Ford Motor Co. opened a Silicon Valley office in 2012 focused on big data, innovation and the user experience. Walmart records well over 1 million customer transactions every hour, saving them to databases estimated to have over 200 times the information in all of the books in the Library of Congress.
Big data have moved from technology circles into the business mainstream. But what is it?
The term big data describes the volumes of data generated by an enterprise, including Web-browsing trails, point-of-sale data, ATM records and other customer information generated within an organization, plus huge stores of data from new external sources such as social networks like Facebook, Twitter, YouTube and LinkedIn, sensor and even surveillance data and massive public and private databases.

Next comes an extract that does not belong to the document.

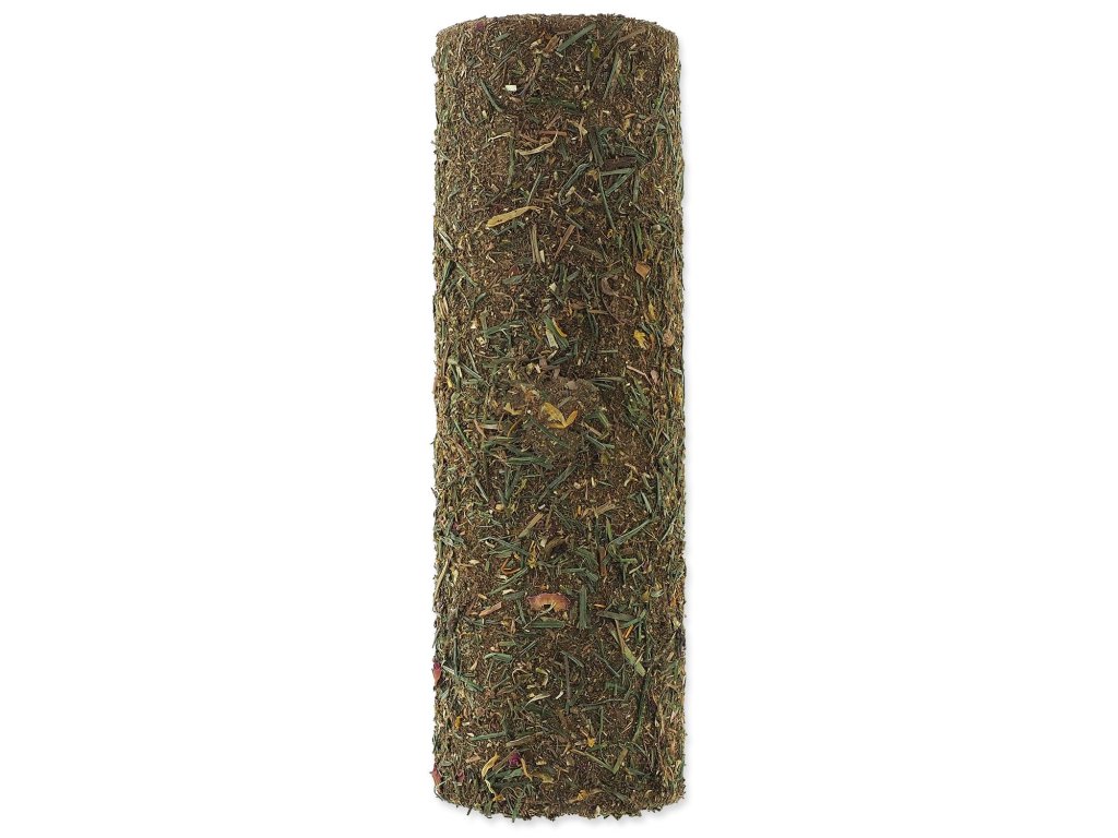Složení: vláknina, škrob, seno z horských luk 12 %, sušené květy měsíčku lékařského 1,8 %, sušené okvětní lístky růže 0,75 %.

These data sets can be so large and complex that they become difficult to process using traditional database management tools and data processing applications. The data is often unstructured, unformatted and unwieldy. But there can be important business information ready to be unleashed.
Ever improving computer hardware tools, such as virtually unlimited storage and continually faster processing speeds, combined with software tools, such as artificial intelligence, machine learning and pattern recognition, can be applied to these vast troves of data.
Managers can measure and analyze more precisely than ever before, thus allowing much more insight about their businesses and a better understanding of their customers. This knowledge can translate into more accurate predictions, wiser decisions and stronger performance.
It is critical to note that big data require management vision and human insight. There needs to be an understanding of how the mathematics differs from reality and an understanding of the business theory underlying the analytical results. Most importantly, the assumptions underpinning the analysis call for thorough understanding and critical evaluation.
Senior decision makers have a duty to embrace evidence-based decision making. The data-driven CEO welcomes, encourages and creates a culture that supports it. For example, when the CEO has a gut feeling about a business trend, the data might not support that intuition. Senior executives that are genuinely data driven will override their intuitions when the data do not agree with it.
Managers must understand the pitfalls and limitations, as well as the potential of big data. Good data scientists should in part be pessimistic with a great concern about what the information is truly indicating, being sensitive to what can go wrong with predictions and model designs.
Correlation is not causation. With such large data sets and well-honed measurement there is substantial risk of false discoveries. Just because elements of the data are highly correlated, does not mean that there is a causal relationship between them. Indeed, the correlation might not be meaningful at all from a business viewpoint. Management must use skill and experience to avoid this trap.
Furthermore, any mathematical model inevitably is a simplification. Modeling is used very successfully in the physical sciences. This is not the case in substantially more complex systems, such as economics and social systems, which are disciplines directly affecting business.
Managers must understand the observable business theory or insight that explains the statistical inferences. Conclusions are much stronger and more valuable when there is this business insight. The numbers do not speak for themselves. Managers speak for them, giving them meaning.
It is human nature to use analysis to confirm one’s own biases and prejudices. It can be all too easy to use massive data troves to see what management wants to see without realizing it is doing so. Big data might provide raw material for biased fact-finding ostensibly based on statistics.
Big data are a powerful tool to support smart decision-making. Managers must employ it thoughtfully, being fully aware of the obstacles to maximizing its utility. Management can realize value of big data to better serve customers and the enterprise as a whole.